The DnD system is very versatile and can be used to do many awesome things but there ARE some fragile things in the system. Having a playable avian race in the game suddenly gives a character a very useful/powerful ability to fly extremely early in the games, a character with many legs like a drider renders a hound's annoying ability to trip (for free without provoking AoO) inconsequential (in addition to anyone/anything that can trip in general) and as you continue to go down the (interesting) races, you begin finding things that truly set them apart during gameplay (which in and of itself SHOULD be an awesome thing but in the fragile system that renders all playable races equal is an unforseen factor that can really throw a wrench in the gears).

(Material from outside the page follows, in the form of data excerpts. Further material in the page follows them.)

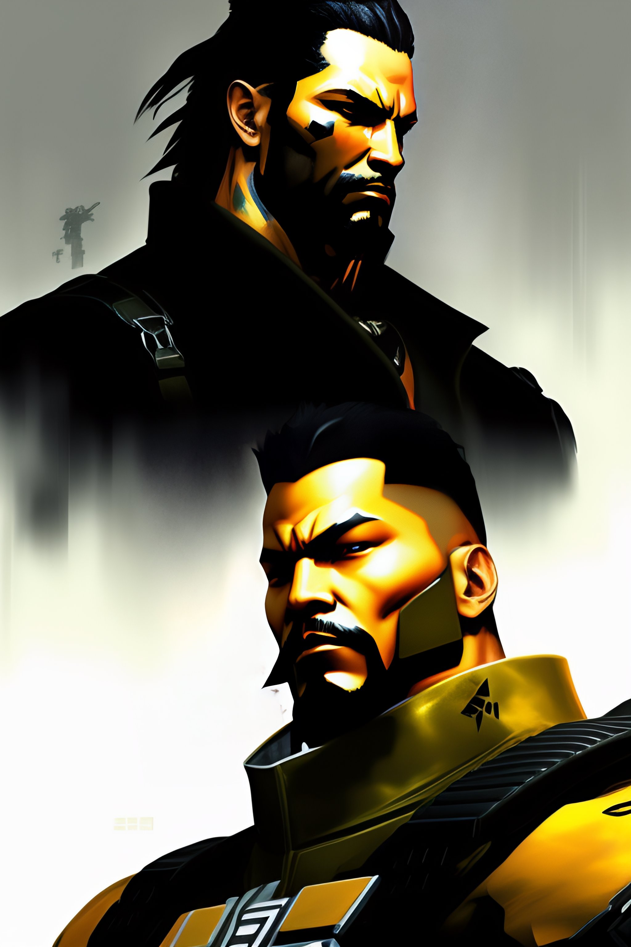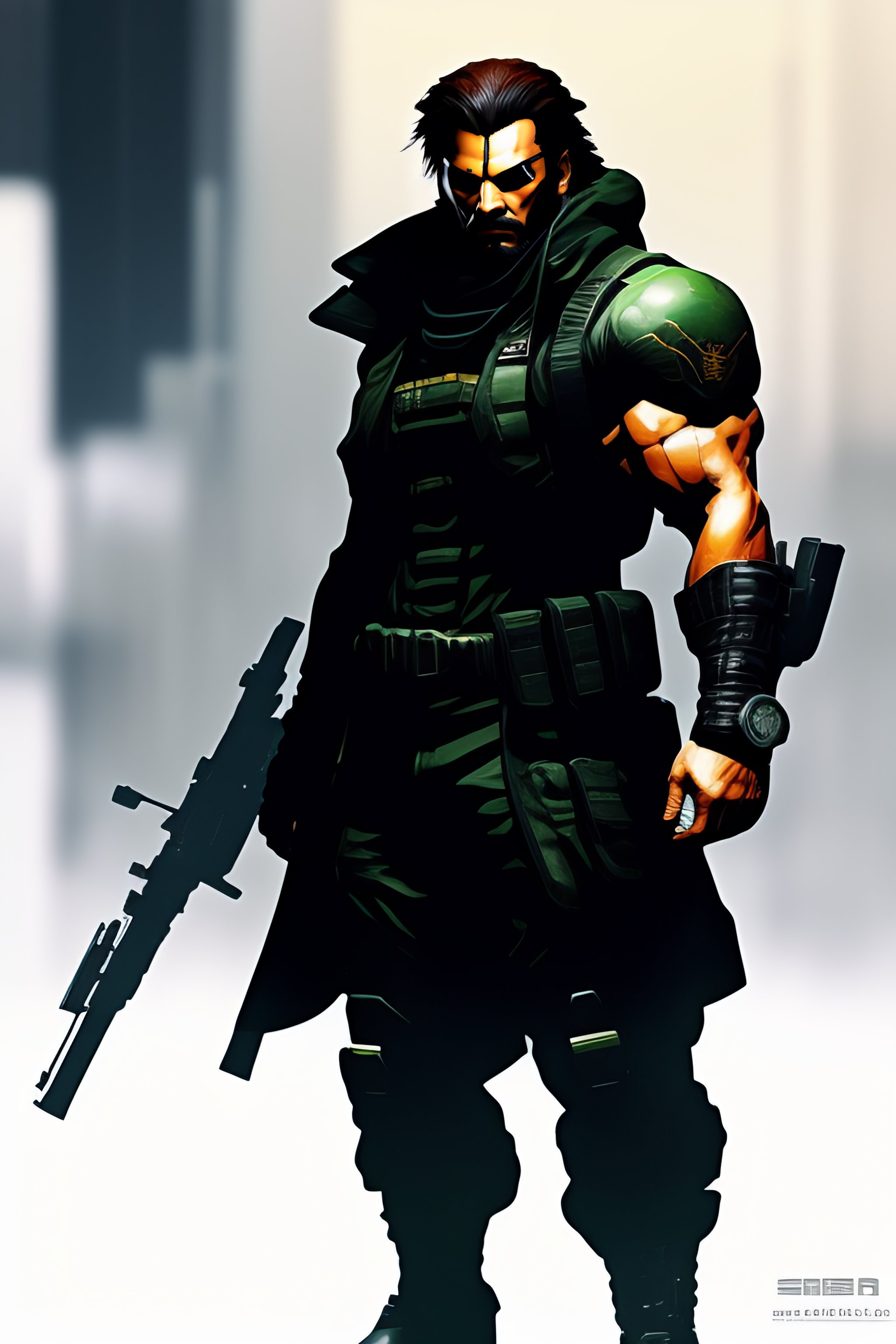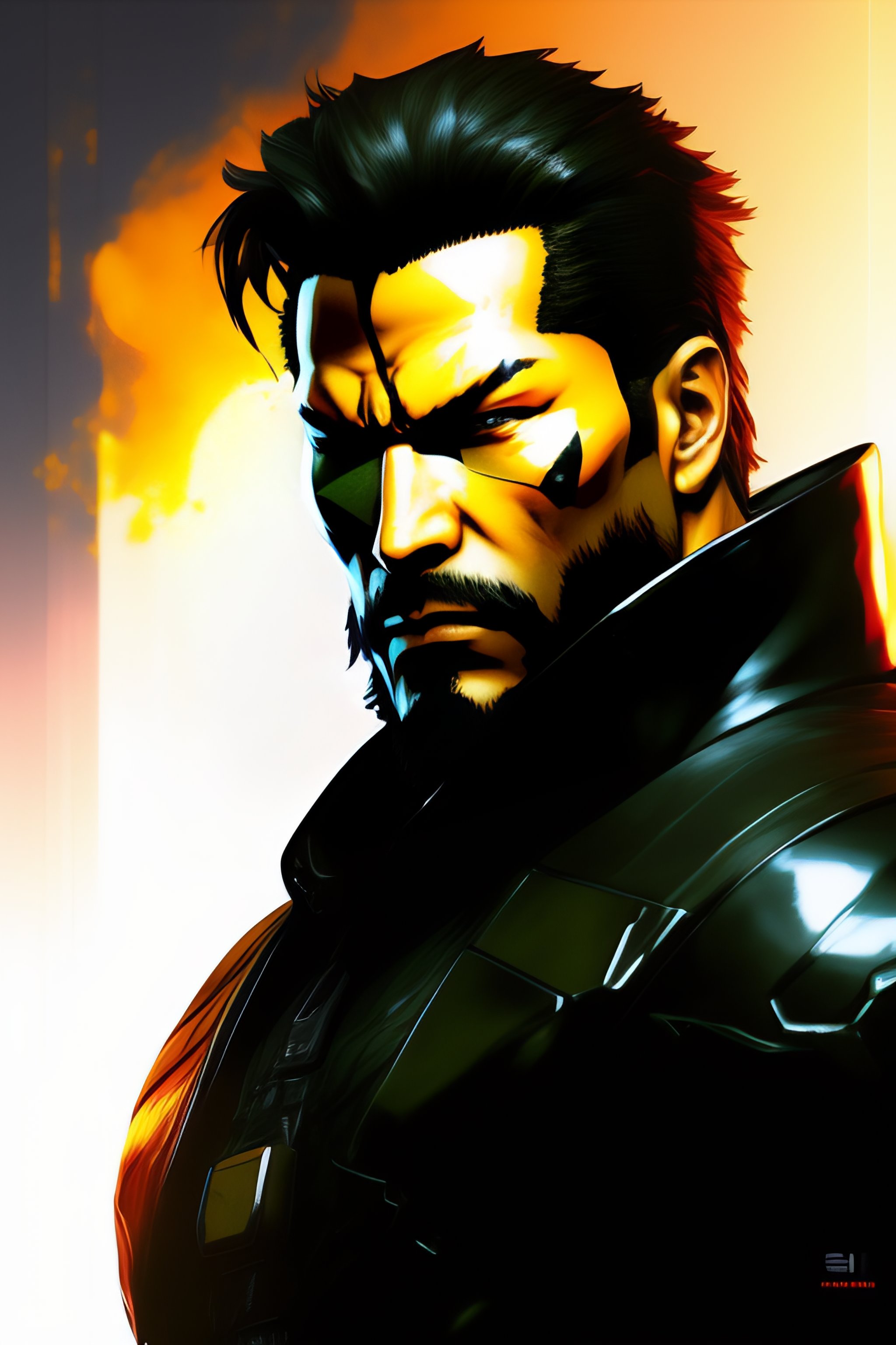 A digital painting of a big boss from metal gear solid yoji shinkawa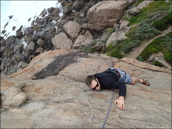 While Mick still wasn’t showing any signs of bringing down a tour group we jumped on another fun line he usually makes use of. Seeing how well Dean had cleaned the last climb the hard way we bumped up the grade a few notches this time on Setting Sun. He was adamant when he looked up that there were no holds, but gave it a crack even going for the fingery direct start. He then proceeded to cruise past the crux moves: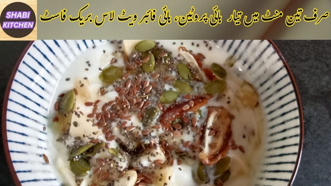 Easy aur healthy high protein, high fiber, low calorie breakfast recipe jo weight loss mein madad kare. Oats, chia seeds aur whey protein se packed yeh nutritious nashta aapko din bhar energy aur appetite control provide kare.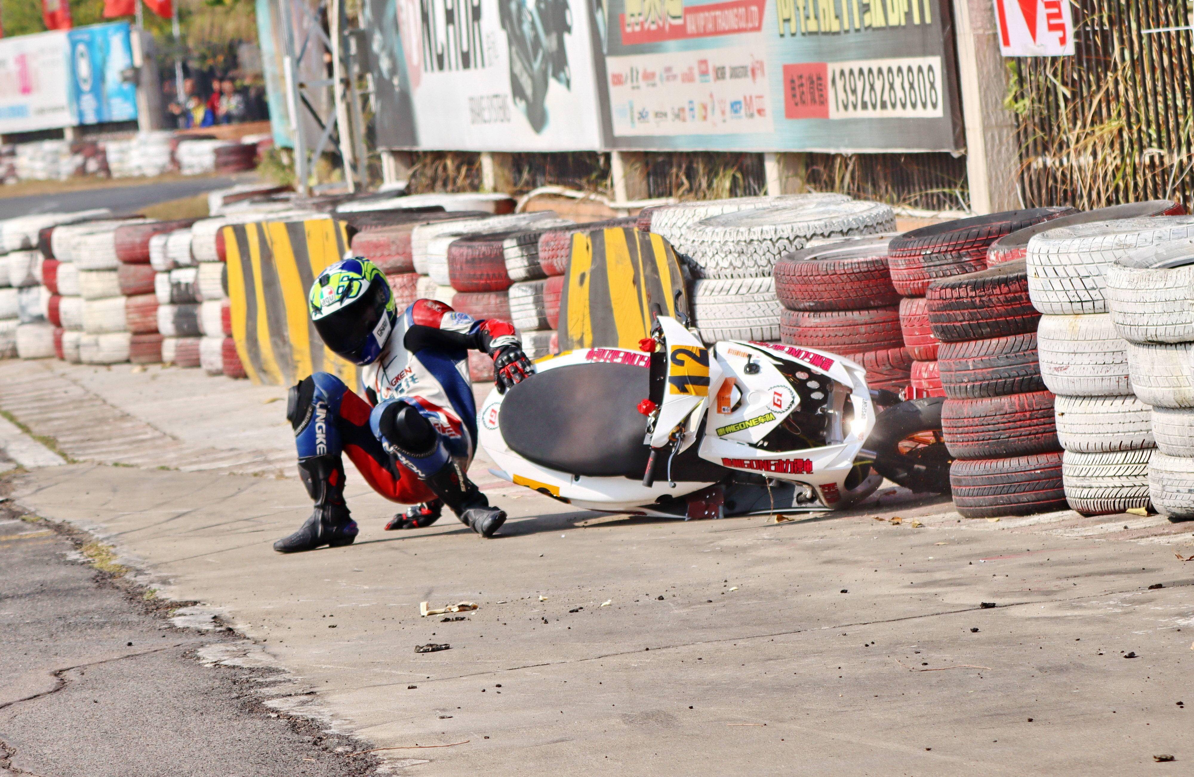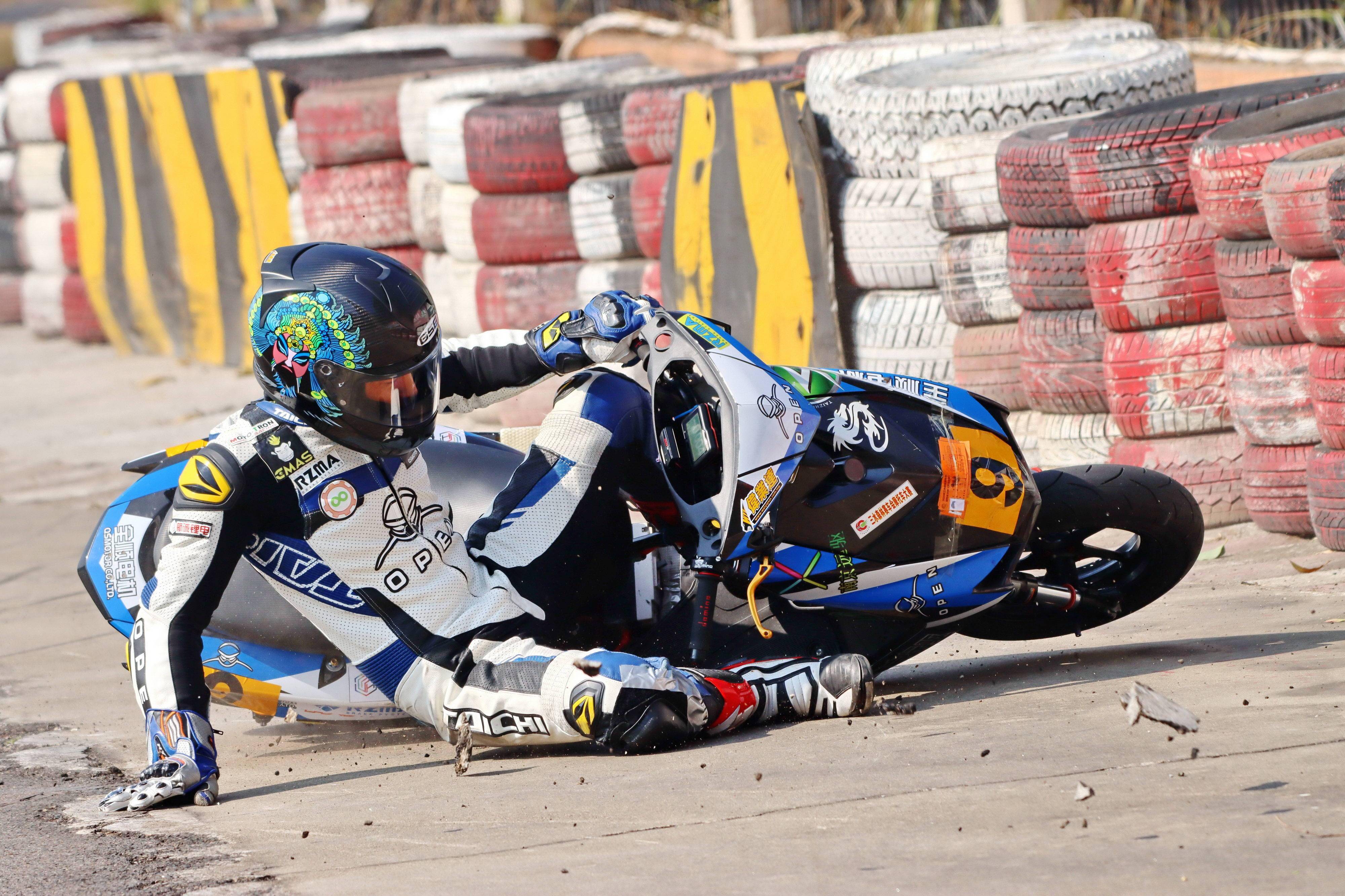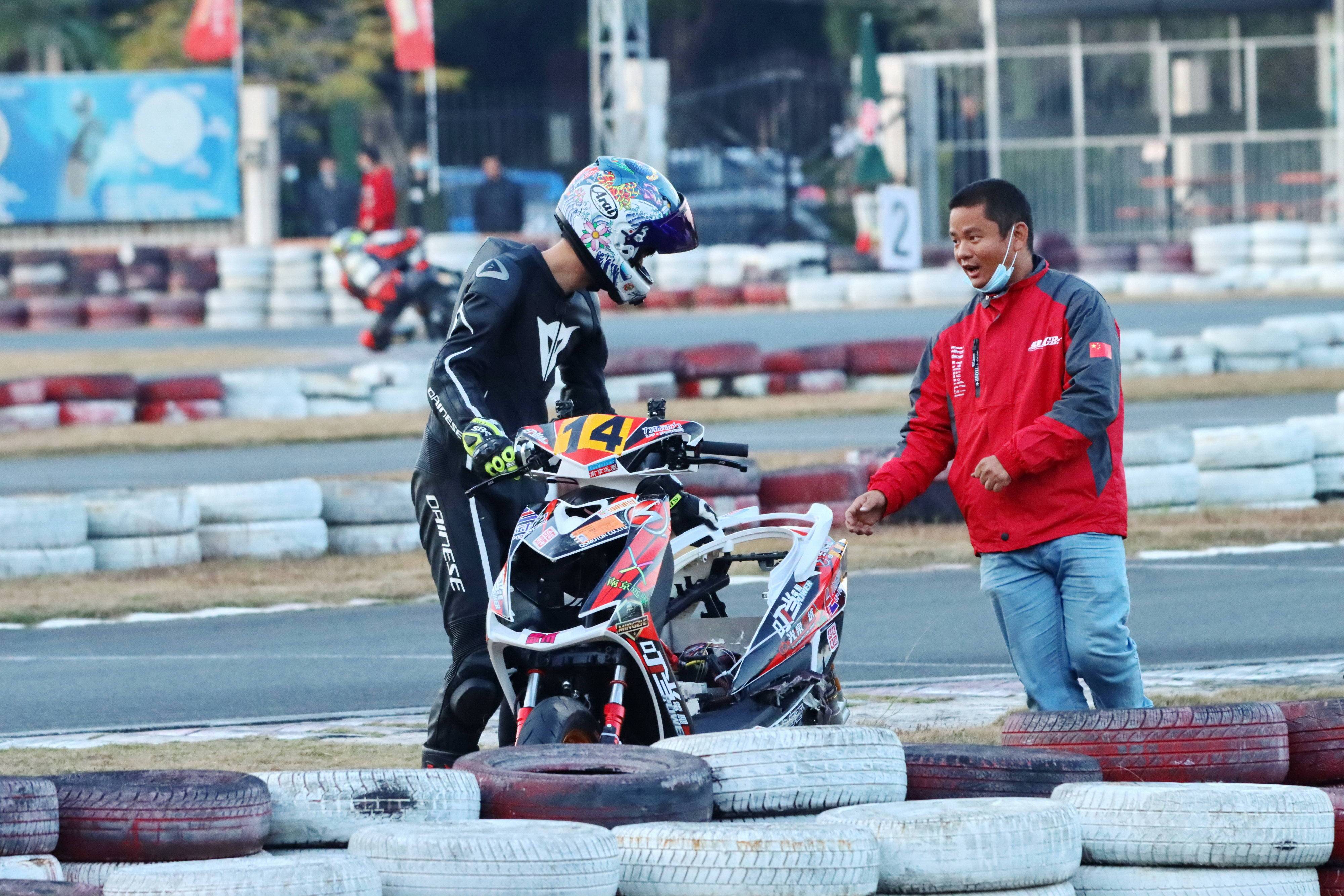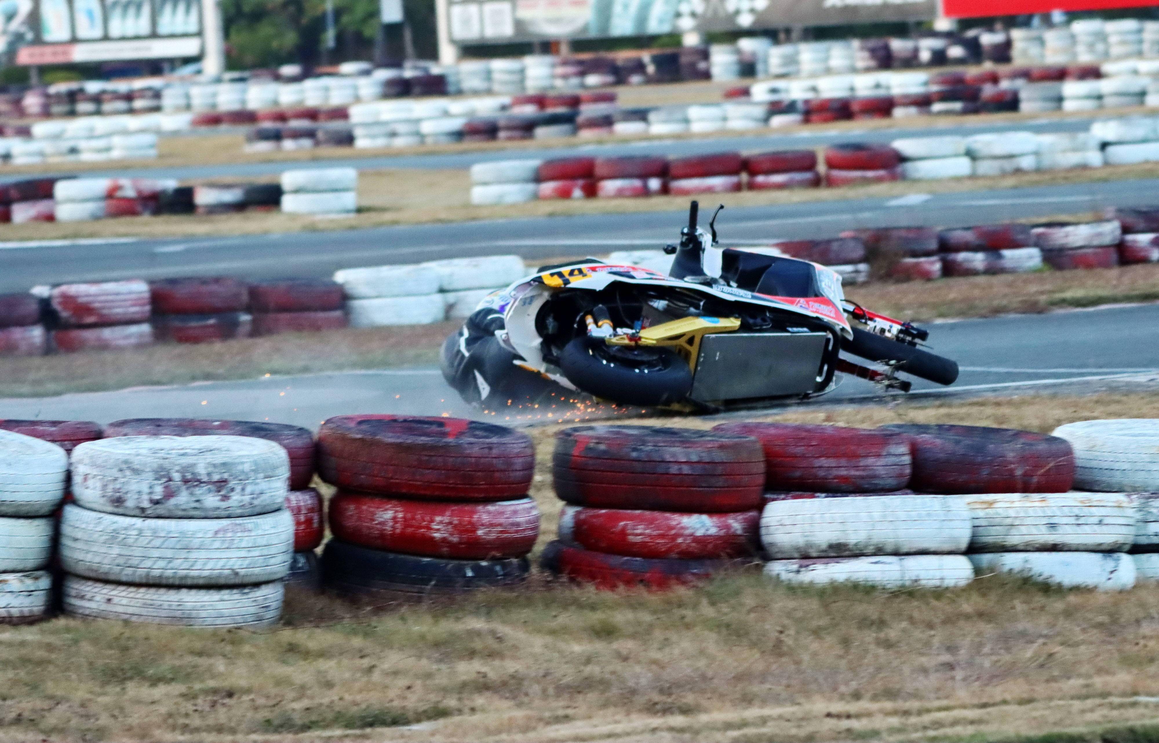 下面的圖片,去年 十二月 19 - 20 在廣東三水森林公園賽車場舉行的 2020 年三水森林賽車會摩托車大賽 偉業(yè)達杯第四回合,全順電驅(qū)動組、多位車手摔車的瞬間。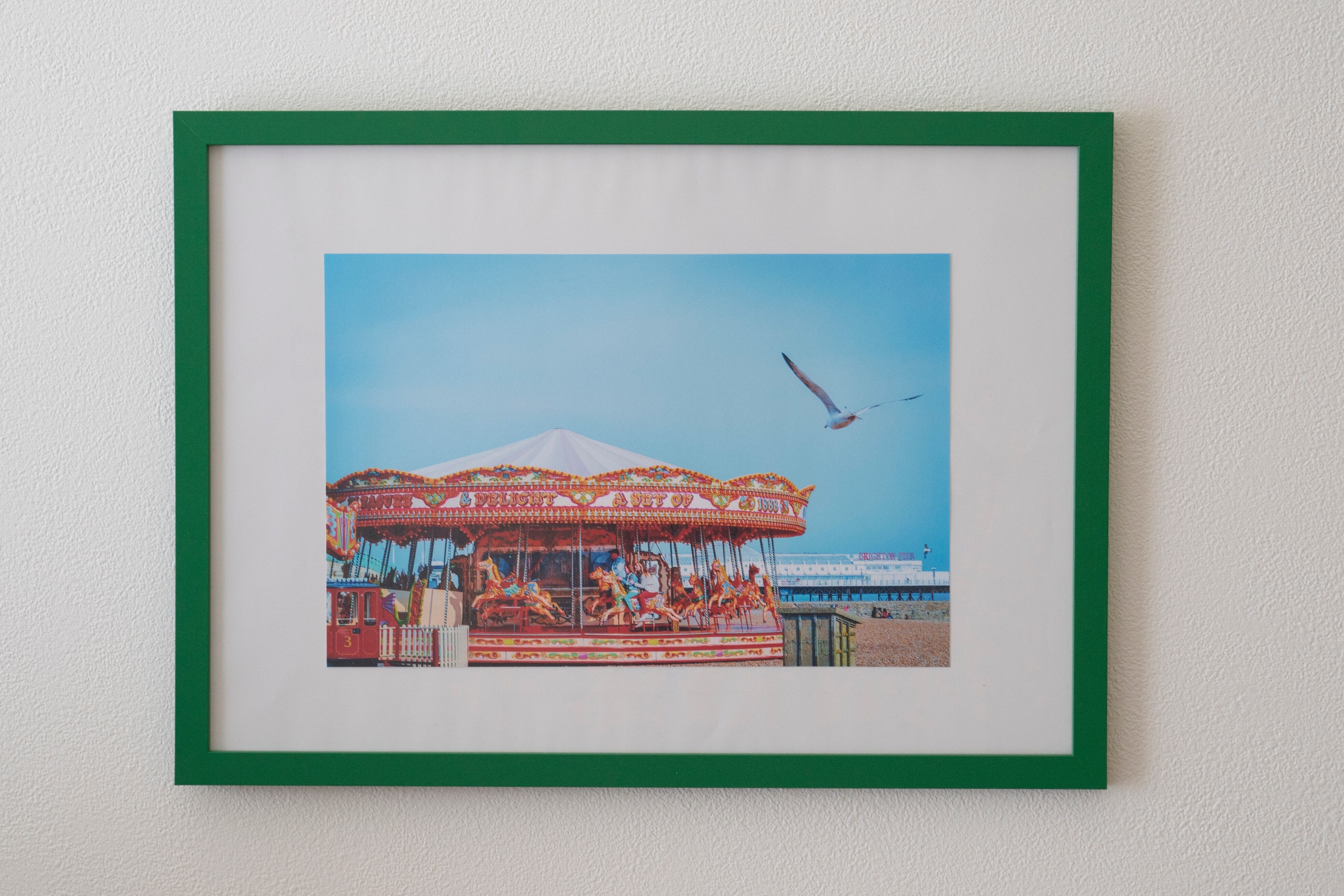 美しいビーチに設置されたメリーゴーランドを切り取った特別なA4写真をお届けします。こちらの写真は、青い海と白い砂浜を背景に、楽しげに回るメリーゴーランドの姿が描かれており、その鮮やかな色彩が心に残ります。夏のひとときを思い起こさせる、ワクワク感あふれる風景です。
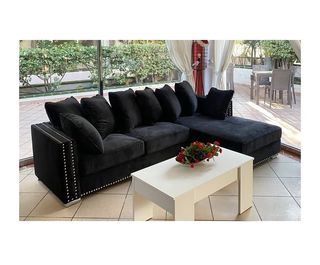 Lujoso sofa chaise longue Armazon de madera de pino Fabricado con muelles ensacados en asientos Cojines alta densidad como respaldo Tapizado en terciopelo negro intenso Remaches cromados en los reposabrazos y base Garantia dos años Envios contra reembolso 672*062*038

There are classes that emulate those abilities, true, but it's a feature of that class which is why feats can't reproduce most if not all of them (like flight, having many legs, having a serpentine body, being made of ooze, etc.). If sleep was a spell that continued to be used and made useful past the first couple of levels (for anyone OTHER than the witch that takes that hex), you'd probably find elves and half-elves losing their immunity to sleep effects, instead certain creatures now have that feature as part of their charm (like the sandman).
THIS is probably why the savage races book REALLY needs to have a PF counterpart.
| Vivianne Laflamme |
| 1 person marked this as a favorite. |
Having a playable avian race in the game suddenly gives a character a very useful/powerful ability to fly extremely early in the games,
Tengu can fly? :P
Anyway, it's possible to have a winged race without giving flight at 1st level. The raptorans from the 3.5 splat book Races of the Wild did this. Starting at 1st level they can glide, traveling 20' forward for every 5' of descent. At 5th level, they can fly for a number of consecutive rounds equal to their Con mod (but they can glide between that). At 10th level, they get full flight all day e'ry day.
| cmastah |
cmastah wrote:Having a playable avian race in the game suddenly gives a character a very useful/powerful ability to fly extremely early in the games,Tengu can fly? :P
Anyway, it's possible to have a winged race without giving flight at 1st level. The raptorans from the 3.5 splat book Races of the Wild did this. Starting at 1st level they can glide, traveling 20' forward for every 5' of descent. At 5th level, they can fly for a number of consecutive rounds equal to their Con mod (but they can glide between that). At 10th level, they get full flight all day e'ry day.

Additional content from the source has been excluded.